WASHINGTON: Inflation in the eurozone has hit its highest level since 2014, but economists remain convinced the European Central Bank will unleash another round of monetary stimulus in March.
Headline inflation across the single currency area rose in the year to January to 0.4 per cent from 0.2 per cent the previous month, according to Eurostat, the European Commission’s statistics bureau. The core measure of inflation, which strips out more volatile price changes for goods such as food and oil, rose from 0.9 per cent to 1.1 per cent.
While headline inflation has not been as high since October 2014, it remains well below the ECB’s target of just below 2 per cent. Price pressures will almost certainly become more subdued in the months ahead as the latest slump in oil costs are factored into the index.
The ECB looks set to react to the fall in oil prices and the China-led slowdown in emerging markets after the central bank’s president Mario Draghi said his policymakers would “review and possibly reconsider” their policy stance at their next policy vote, held in early March.

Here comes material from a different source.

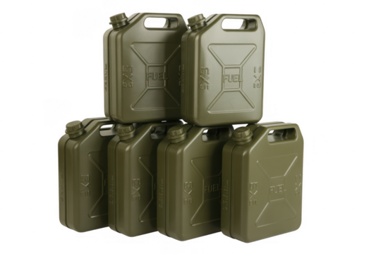 Stack of Olive Green Fuel Jerry Cans isolated on a transparent background

The Bank of Japan’s decision earlier on Friday to follow the ECB’s lead into negative territory and cut a key interest rate to minus 0.1 per cent has raised the prospect of more action from officials in Frankfurt.
“The ‘currency wars’ may have entered a new phase. The Bank of Japan’s announcement of a negative interest rate, with its communication today leaving the proverbial door open for further reductions, has seen the yen fall sharply,” said Ken Wattret, economist at BNP Paribas. “The exchange rate implications for the eurozone of the BoJ’s actions increase the already high likelihood of a further deposit rate cut by the ECB in March and will add to speculation of a bigger than 10 basis point cut.”
The ECB became the first major central bank to enter negative territory and has since cut its deposit rate to minus 0.3 per cent. The shift below the zero bound is widely credited with weakening the euro and improving conditions for the region’s exporters.